• _Given records_:
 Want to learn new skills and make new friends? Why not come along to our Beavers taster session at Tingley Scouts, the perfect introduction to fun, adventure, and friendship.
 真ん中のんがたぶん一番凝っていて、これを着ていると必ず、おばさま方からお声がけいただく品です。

---

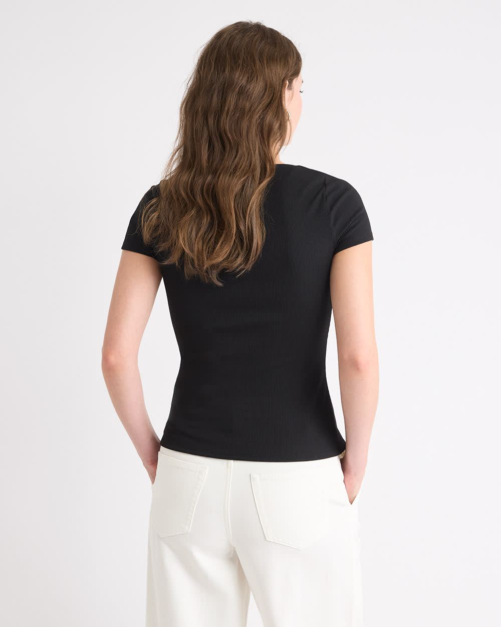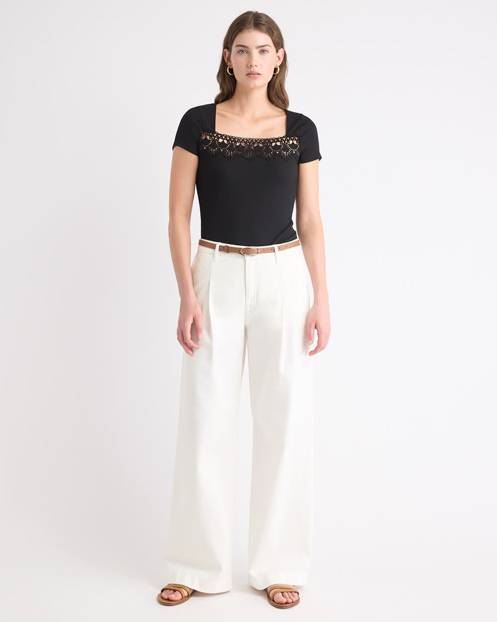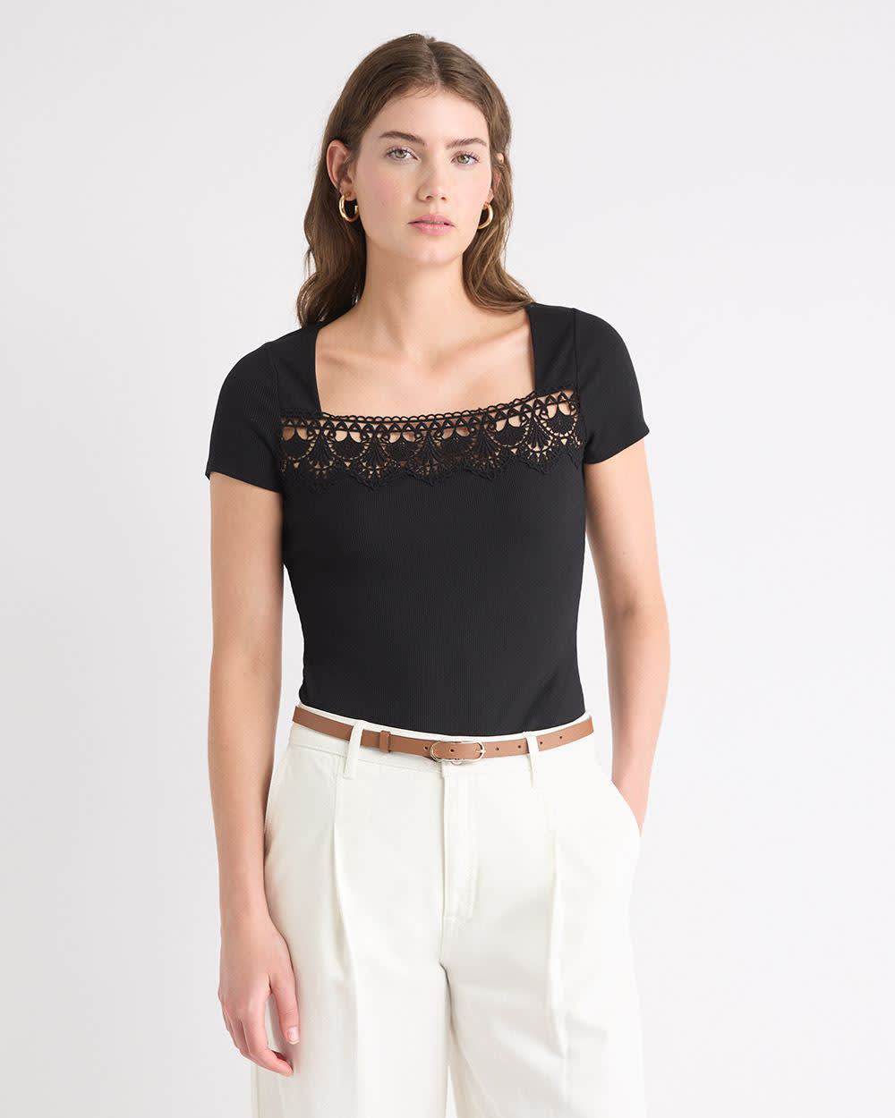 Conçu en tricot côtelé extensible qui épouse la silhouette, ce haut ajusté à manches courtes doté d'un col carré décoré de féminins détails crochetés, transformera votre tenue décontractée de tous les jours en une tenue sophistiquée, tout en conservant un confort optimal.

---

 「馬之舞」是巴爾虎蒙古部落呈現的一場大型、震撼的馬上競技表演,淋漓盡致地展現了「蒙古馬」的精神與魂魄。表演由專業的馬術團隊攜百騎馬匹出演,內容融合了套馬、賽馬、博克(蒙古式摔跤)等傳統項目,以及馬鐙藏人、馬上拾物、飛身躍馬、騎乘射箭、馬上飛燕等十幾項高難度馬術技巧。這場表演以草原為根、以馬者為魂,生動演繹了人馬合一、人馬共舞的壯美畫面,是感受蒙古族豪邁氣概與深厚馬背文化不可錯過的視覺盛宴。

• _Brief_: Looking at the data above, return every line from the one with "Want to learn" down to the one with "真ん中のんがたぶん一番凝って", exactly and inclusively.

• _Result of this task_:
 Want to learn new skills and make new friends? Why not come along to our Beavers taster session at Tingley Scouts, the perfect introduction to fun, adventure, and friendship.
 真ん中のんがたぶん一番凝っていて、これを着ていると必ず、おばさま方からお声がけいただく品です。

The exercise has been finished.